Comment by GeoSoft

16 days ago

I've been building a landing page for Glance (https://glance-fi.app/) to figure out whether anyone actually wants this before I go deep on it.

It's a finance app (I know — another one, stay with me here) that skips budgeting entirely, instead tracking spending and trends.

It learns your spending patterns and flags anomalies — DoorDash doubled, weekly spending is above normal, a subscription you forgot about is still charging you, etc.

I've noticed a lot of coworkers and friends who earn a good living and don't have a desire to account for every penny. They know they should save, they put money in retirement accounts, and they don't want the complexity of a Monarch, Copilot, YNAB etc — they just want to have a handle on their spending.

I’m as interested in product feedback as website feedback tbh, given this crowd I figure I can get some good tips. Either way, would appreciate a look at the site.

I like that idea in concept - I’ve often felt similarly about budgeting apps. Many of them feel targeted either at low income / high debt people (who need strict control to manage their way out), or at people who have a strong interest in optimising their finances.

I’m trying to find a middle ground though I think. I’m not strongly acquisitive - but want to be sensible about my finances. There needs to be a purpose to tracking and allocating - so I’d want intelligent prompting (e.g “you could easily move £x to a higher rate account each month and maintain a balance that will meet your outgoings”), as well as answering my own queries. I’ve seen that promise in other products - but it’s nearly always in a free product that uses those prompts to sell you financial products.
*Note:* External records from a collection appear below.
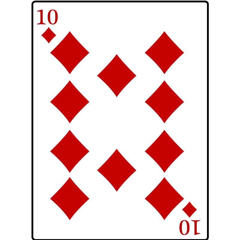 This features a deck of cards with the number 10 on it. The card is red and white, with a total of nine diamond shapes arranged in a square pattern. Each diamond shape has a red background and a white outline, creating an eye-catching design. The card appears to be part of a larger collection or set, as there are multiple cards visible in the image.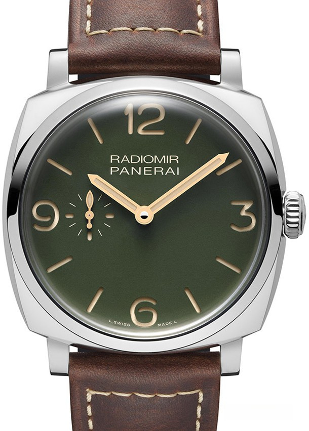 Часы Officine Panerai Radiomir Military Green Editions представлены в корпусе из нержавеющей стали диаметром 45 мм и водонепроницаемостью 100 метров. Внутри корпуса установлен автоматический механизм, Калибр P.4000, обладающий запасом хода 3 дня. На зеленом циферблате отображаются часы, минуты, секунды. Часы комплектуются кожаным ремешком с вставкой из нержавеющей стали.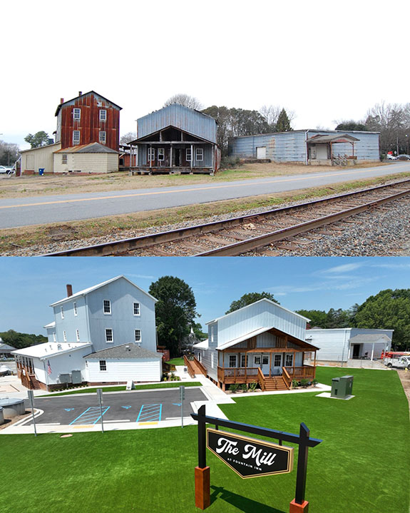 Originally constructed in 1940, the Ellison Flour Mill was a key industrial site in Fountain Inn for decades. After sitting vacant for years, Innovative Hospitality & Development renovated, repurposed, and revitalized the property, in partnership with P+F Construction and Project Plus Architects. They repurposed the three main structures while preserving the historic configuration and industrial character of the original buildings, breathing new life into the abandoned mill site and fueling the city’s ongoing redevelopment.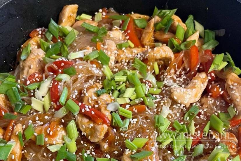 Фунчоза, куряче філе, перець болгарський, спаржа, цибуля, морква, гриби шампіньйони, бульйон, соус wok, зелена цибуля, кунжут, кунжутна олія.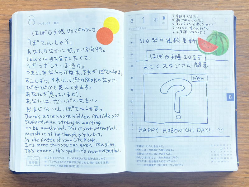 The theme for the Hobonichi Techo 2025 is gPotential.h For this Techo News series, team members will be writing about their take on the gpotentialh of the Hobonichi Techo.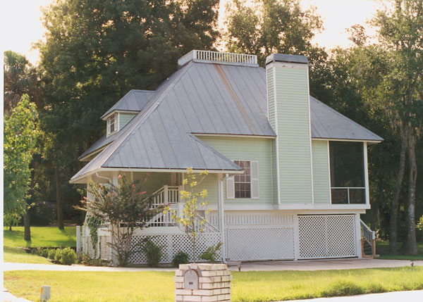 This lovely Bungalow style home with Florida Style influences (House Plan #190-1001) has 1679 square feet of living space. The two story floor plan includes three bedrooms.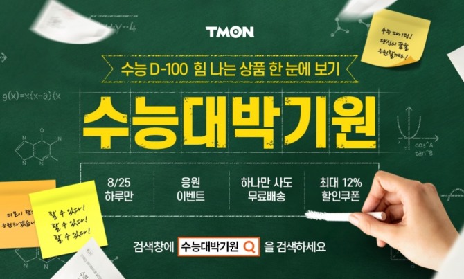 티몬은 25일 단 하루 동안 수능을 100일 앞둔 수험생을 위한 '수능대박기원' 기획전을 연다고 밝혔다.

I’d personally much rather pay for impartiality.

  • Thanks for the nuanced reply!

    To my mind, the main purpose of the tracking is to quickly answer the question "am I overspending". I can definitely see that quickly extending to "what do I do with my money" though.

    The point about impartiality definitely resonates - this was always something I found distasteful when Mint was still around (RIP).

This looks really cool! One thing that can help a lot early on is seeing how people actually use the landing page, not just if they click. Stuff like session replays or heatmaps can show where people get stuck[0], what grabs attention, and what’s actually getting across your message. It’s surprisingly useful for figuring out product-market fit before building too much.

[0] https://uxwizz.com

that is the great idea, I just wonder how did you do the connection to the bank / credit card provider, how can we ensure the security?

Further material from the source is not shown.